Maybe you need to brush up on your English, and you'd have recognised that the comment was in the English language Shock

DemonicCaveMaggot · 30/09/2024 12:26

It sounds like she doesn't understand the effort, time, and patience that goes into making things, nor the cost involved - which is not unusual at six years of age.

Can you get her to take up a hobby or craft that does take time and patience? I started needlepoint at that age and then moved onto hand embroidery. My mother started knitting at the age of five. Maybe if she spends days or weeks making something of her own she'll understand what your MIL did for her.

Funkyslippers · 30/09/2024 12:29

Scandicc · 29/09/2024 19:13

Not everyone on here has English as a first language. Stop looking down your nose at people asking innocent questions.

English is my first language and I've never heard the expression either

rainbowstardrops · 30/09/2024 12:47

I don't think you've been too harsh. You've spoken to her numerous times and her attitude is to shrug and say you can buy a new one.
I'd move anything precious/valuable too until she can show you that she'd look after it.
I also wouldn't be replacing broken things immediately. She's only six but she needs to learn to respect and look after things.

Yourethebeerthief · 30/09/2024 13:28

@User79853257976

Yes…such as language understood by the majority of English speakers. For example, if I posted on an American forum I might need to adapt my language to avoid ambiguity.

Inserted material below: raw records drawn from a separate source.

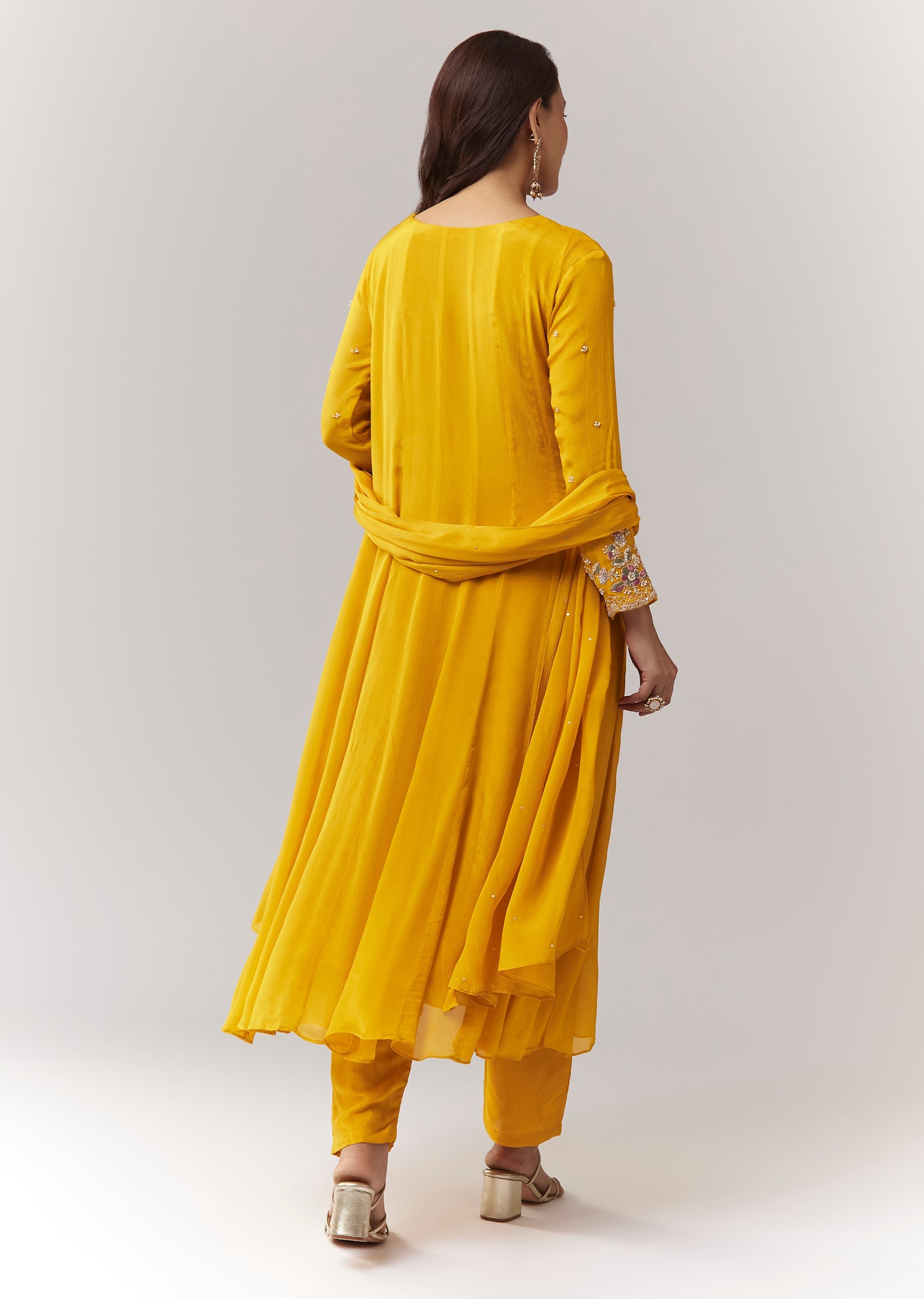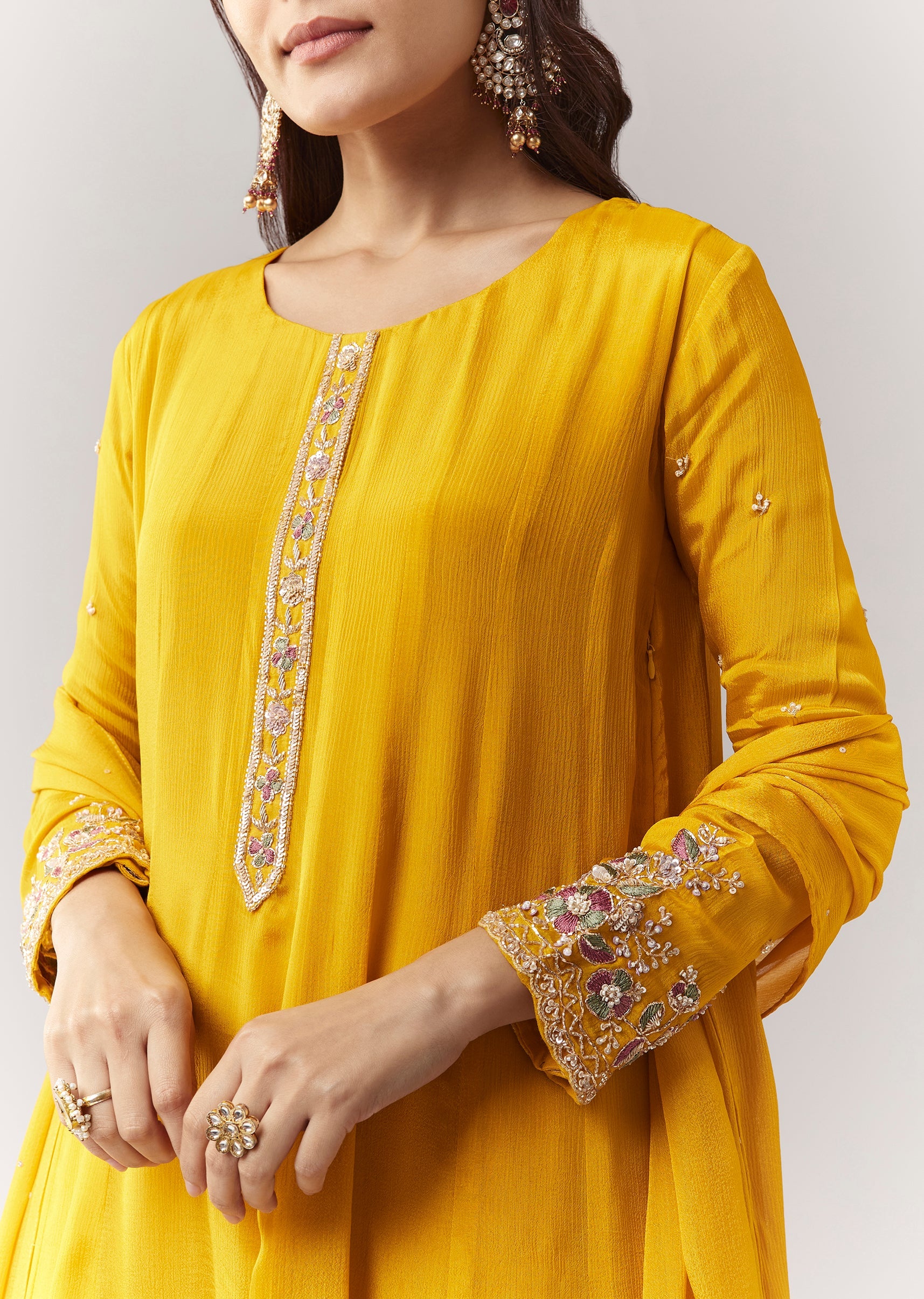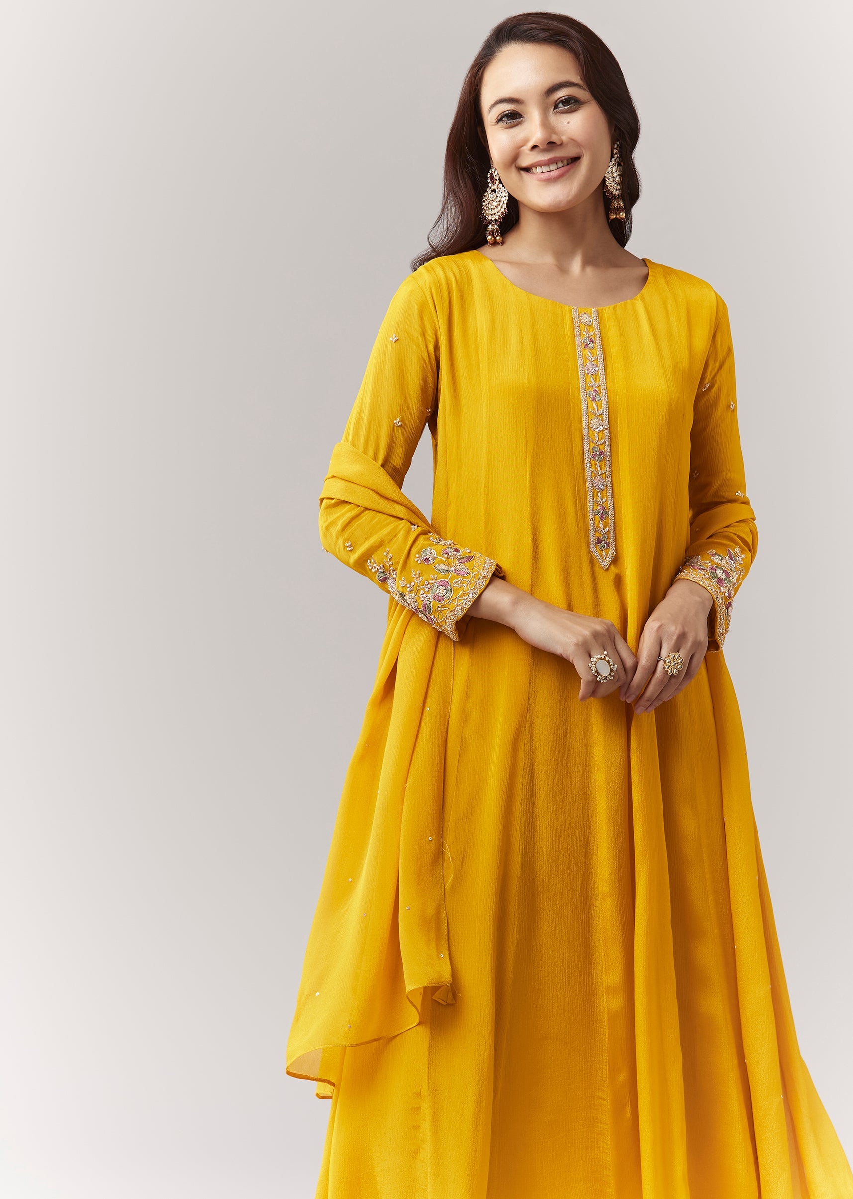 A bright festive yellow chinon anarkali with resham + cut-dana sleeve detailing, paired with straight pants and dupatta. Minimal, graceful, and easy to wear. Awarded as the Most Trusted Brand,... More Product Details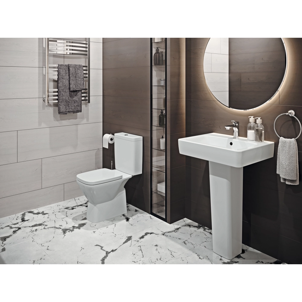 КОМПЛЕКТУЮЩИЕ: раковина, хромированное кольцо, комплект крепления.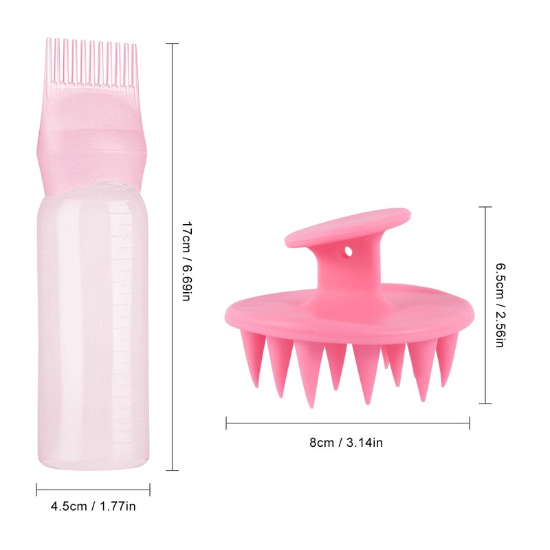 Size: hair oil applicator: 17 cm x 4.5 cm, hair massage brush: 6.5 cm x 8 cm.

How was the OP supposed to have the clairvoyant skills required to know that English people don't say "give a row"? I'm Scottish and it's the first I'm learning you don't say it.

You're telling me if you were posting on an American site you'd know every single word or phrase you use that they wouldn't know, and would adapt accordingly?

Boll. Ocks.

Wallywobbles · 30/09/2024 13:40

Before you buy or give her anything think will it upset me if/when she breaks this. If the answer is yes. DONT DO IT.